Recently a performance bug came my way. A highly multithreaded application, that can run for hours depending on the amount of data its processing, was observed having all its CPUs ramping up to 100% utilization, and the amount of data processed per second dropped down to nothing.
Ok, no big deal here. I've most likely got a state where all threads are stuck in a tight loop (most likely the same loop), and each thread is waiting on the other to set a flag that will allow them to exit the loop. Your basic deadlock issue. Pretty easy to fix, if I can reproduce the problem on my dev machine and use the debugger to tell me what the offending function is.
The problem is that I wasn’t able to reproduce it. Crap.
Ok…on to step two…
Looks like I'll have to find or build a tool that can give me the call stack of all the threads in a managed app. I started out trying to use System.Diagnostics.StackTrace, and StackFrame. From a System.Thread instance I can get create a StackTrace object and see what function the thread is in. But I cant get a list of all System.Thread objects in an app. I have access to the Process.Threads collection, but that gives me a list of System.Diagnostics.ProcessThread objects, not System.Thread. Shoot…that’s not going to work.
Ok, next step is to look at creating a really light weight debugger, from .Net's ICorDebug api, to basically break into the app and dump out the call stack of all the managed threads. I found a couple examples and it didn’t look too bad, but the only issue is that ICorDebug is a COM API. So I'd have to do all that fun C++ COM stuff…Ick. And I need the tool yesterday.
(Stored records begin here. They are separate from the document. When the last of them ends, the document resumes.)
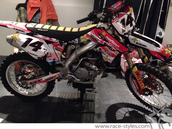 basic graphic-kit for SUZUKI RM / RMZ (65 85 125 250 450) models 1990-2005, 2006-2021. This kit includes the following decals: fork protectors le./ri., fender front/rear and rad covers le./ri.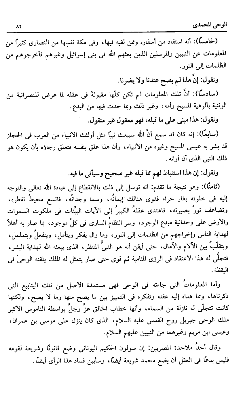 وأما المعلومات التى جاءته فى الوحى فهى مستمدة الأصل من تلك الينابيع التى ذكرناها، ومما هداه إليه عقله وتفكره فى التمييز بين ما يصح منها وما لا يصح، ولكنها كانت تتجلّى له نازلة من السماء، وأنها خطاب الخالق عزّ وجلّ بواسطة الناموس الأكبر ملك الوحى جبريل روح القدس عليه السلام، الذى كان ينزل على موسى بن عمران، وعيسى ابن مريم وغيرهما من النبيين عليهم السلام.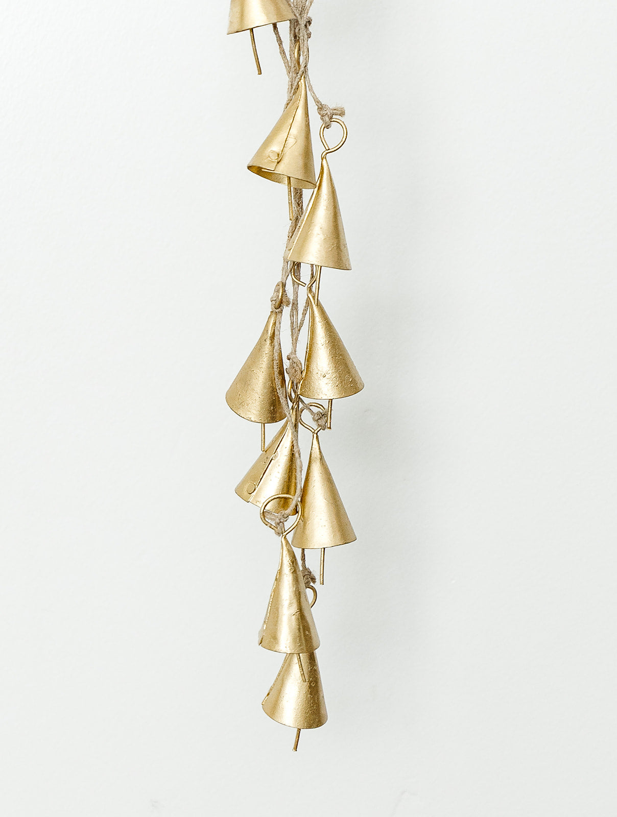 Elevate your home decor with our Antique Brass Hanging Bell Cluster 12.5". This stunning piece adds a touch of vintage charm to any space.

After digging around a bit more I found out that the Visual Studio debugger team wrote a very nice managed wrapper around ICorDebug, called MDbg. Sweet!
There is a bunch of info about it here.
After digging a bit further, I found that someone write a handy little tool called Managed Stack Explorer. Oh geez! The gods are smiling at me! That’s exactly what I need.
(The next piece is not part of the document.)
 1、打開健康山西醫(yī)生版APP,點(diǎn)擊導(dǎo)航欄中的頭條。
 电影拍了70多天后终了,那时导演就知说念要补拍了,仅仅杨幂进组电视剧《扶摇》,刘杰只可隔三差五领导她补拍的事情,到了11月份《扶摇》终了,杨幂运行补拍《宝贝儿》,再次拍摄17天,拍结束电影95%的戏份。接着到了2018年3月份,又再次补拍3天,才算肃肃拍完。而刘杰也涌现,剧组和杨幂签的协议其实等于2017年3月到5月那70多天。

This little tool shows all managed apps running on your server. When you pick an app, it shows all threads in the process. When you click the thread, it shows you the call stack for that thread. Simple and nice.
With this tool, I was able to find the offending non-threadsafe function in about 5 minutes. Fixed, done, yipee.
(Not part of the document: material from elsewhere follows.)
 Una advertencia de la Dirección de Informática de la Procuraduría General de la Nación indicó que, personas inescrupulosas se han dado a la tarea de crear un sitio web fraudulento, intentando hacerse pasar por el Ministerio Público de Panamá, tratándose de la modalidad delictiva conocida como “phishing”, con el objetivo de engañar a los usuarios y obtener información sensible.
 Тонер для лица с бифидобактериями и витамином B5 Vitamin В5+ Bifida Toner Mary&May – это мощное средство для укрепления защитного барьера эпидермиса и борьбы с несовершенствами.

But this post and about someone's tool, of my bug fixing adventures. No, its about coming across one of the most useful APIs I've seen in a long time! A simple and well designed .Net wrapper around ICorDebug, giving .Net developers full access to the CLR debugger. I'm very excited about the idea of a managed wrapper around ICorDebug. There are so many diagnostic tools that could be created with this. I'm looking forward to digging around in the API!